Acquisition Meaning and Types of Acquisition

Acquisition Meaning – Acquisitions are also called as takeovers. Acquisition or takeover is different from ‘merger’ though some people use these words as equivalent and hence they make no difference between the two. Acquisition implies that a company unilaterally relinquishes its independence and adapts to another firm’s plans. That is, acquired firm loses its legal status and totally becomes a part and parcel of acquiring firm.

In simple terms, one company takes over the control of another company. This is done either through the mutual agreement between acquiring and acquired company which is called as friendly take over\or against the wishes of the acquired company which is better known as hostile takeover. There are Manglore Refineries and Petrochemicals Ltd. (MRPL) India’s first joint sector refinery has been acquired by Oil and Natural Gas Corporation Ltd. (ONGC) a public sector undertaking in March 2003.

Nature of Acquisitions

  1. They form part of a well considered company development plan.
  2. The process of acquisition is unilateral.
  3. The structure of top management will have fewer problems.
  4. Contractual regulations are simpler and consist mainly of price and a number of guarantee clauses.
  5. Time taken for an acquisition is shorter than for a merger.

Types of Acquisitions

(1) Amalgamations – The intending companies will voluntarily go into liquidation form a new company that will take over agreed assets and liabilities of the both at an agreed purchase consideration. Thus, A and B will be dissolved to form a new company C which takes over the A and B net assets.

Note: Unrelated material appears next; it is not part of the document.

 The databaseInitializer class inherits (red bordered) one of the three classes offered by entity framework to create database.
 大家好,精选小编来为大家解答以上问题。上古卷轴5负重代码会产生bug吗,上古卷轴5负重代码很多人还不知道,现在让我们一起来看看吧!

(2) Acquisitions/Takeovers – It is a case where one company acquires another company’s total or controlling interest. Subsequently, the acquired company operates as a separate division or subsidiary. Here no firm dies but will be under the full control of acquiring company.

(3) Sale of Assets – A company can sell its assets to another company and cease to exist. If company A sells its assets to B company, it is acquired and A companies goes out of existence.

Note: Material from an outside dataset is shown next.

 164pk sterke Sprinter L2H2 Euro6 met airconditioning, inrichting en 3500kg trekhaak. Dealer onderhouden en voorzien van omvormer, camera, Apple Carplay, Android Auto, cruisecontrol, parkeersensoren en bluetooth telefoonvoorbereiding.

(4) Holding Company Acquisition – It is a quasi form of merger. It involves the acquisition of either the total or the majority of firm’s share capital or stock by a company. The purpose is to manage and control another company. If A company buys 66.67% and more of the equity capital in B, B company is the subsidiary of A company where B does not go into liquidation but its management and control is resting with company A.

Steps in Successful Acquisitions

(1) Screening – Well before acquisition, it is but essential to screen and investigate the main stays of the firm such as financial status, product market position, physical conditions of production facilities, human resources, prevailing corporate culture, managerial compatibility of the acquired company. In depth and critical screening enhances the acquiring company’s knowledge of the strengths and weaknesses and the risk factors so that the firm can come to sound conclusion.

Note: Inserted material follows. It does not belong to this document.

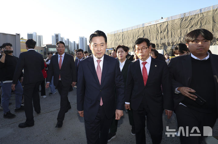 [성남=뉴시스] 김근수 기자 = 장동혁 국민의힘 당대표와 국민의힘 의원들이 14일 경기 성남시 대장동 사회기반시설 공사현장을 찾아 현장을 살펴보고 있다. 2025.11.14. [email protected]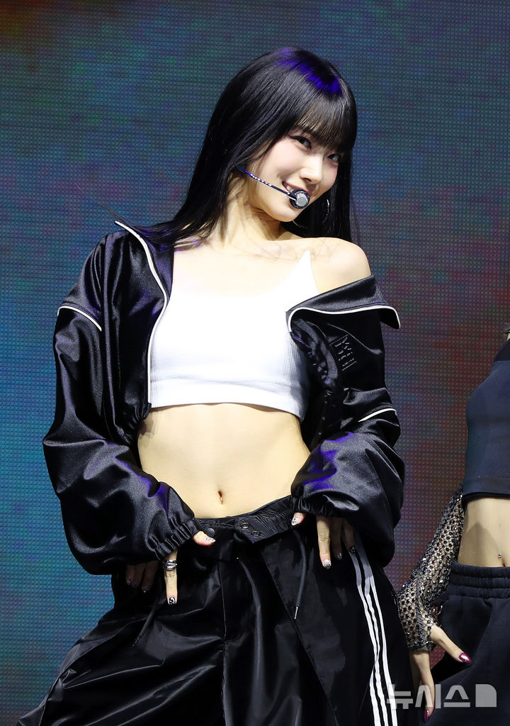 [서울=뉴시스] 김혜진 기자 = 그룹 르세라핌 카즈하가 29일 오후 서울 광진구 예스24라이브홀에서 열린 네 번째 미니앨범 '크레이지(CRAZY)' 발매 기념 쇼케이스에서 무대를 선보이고 있다.

(2) Negotiation – The negotiation is the process of arriving at just price for the takeover of the firm. In a bid to bring about the deal, there is a possibility of making unwanted higher commitments. The timing of acquisition is very important. The acquiring company should negotiate to finalise the deal when the acquired company is facing a short-term problems or it is facing a down turn in the business. It is this opportune time which makes the acquiring company to pay a reasonably low price.

(3) Cleaning and Founding – Generally the acquired unit is in bad shape featured by low productivity, low employee morale because of poor management. This unwanted shambles are to be removed, cleaned up, primed up into shape. To configure a desired shape the activities involved are –

  • Removal of existing top management and installation of new and strong team taken from next layer of management.
  • Installation of an effective financial reporting system in the acquired company at earliest.
  • Cocktail the financial strength and the purchasing power of acquiring company to reduce procurement costs and wastes.
  • Utilise the idle capacity to earn revenues that guarantee sufficient cashflows.

(4) Strategic and Organisational Revival – This phase is to do with the convalescence or regaining the strength lost. In this period the acquiring firm is expected to –

  • redefine the vision, values and vital principles which should be pursued.
  • develop management in the light of vision values and vital principles.
  • rationalize the work force and negotiate with the trade unions for mutual benefits.
  • invest in core technology, quality and distribution net-works.
  • upgrade the organisational skills.

(5) Integration of People and Operations – Unto the last stage, the integration was controlled with a few persons interfacing each other. In this stage, however, this interface is broadened with more two way flows of people to forge ahead the acquiring and acquired company. This warrants management to –

  • integrate the functional areas namely, production, marketing, purchasing financing and the like.
  • implement integrated information technology system or enterprise reengineering process (ERP).
  • streamline the two way flow of people at different levels. This way the acquired and acquiring firms are integrated in systematic way to ensure the success of integration. Any integration is hardly complete unless and until the people and their culture is unified and harmonised.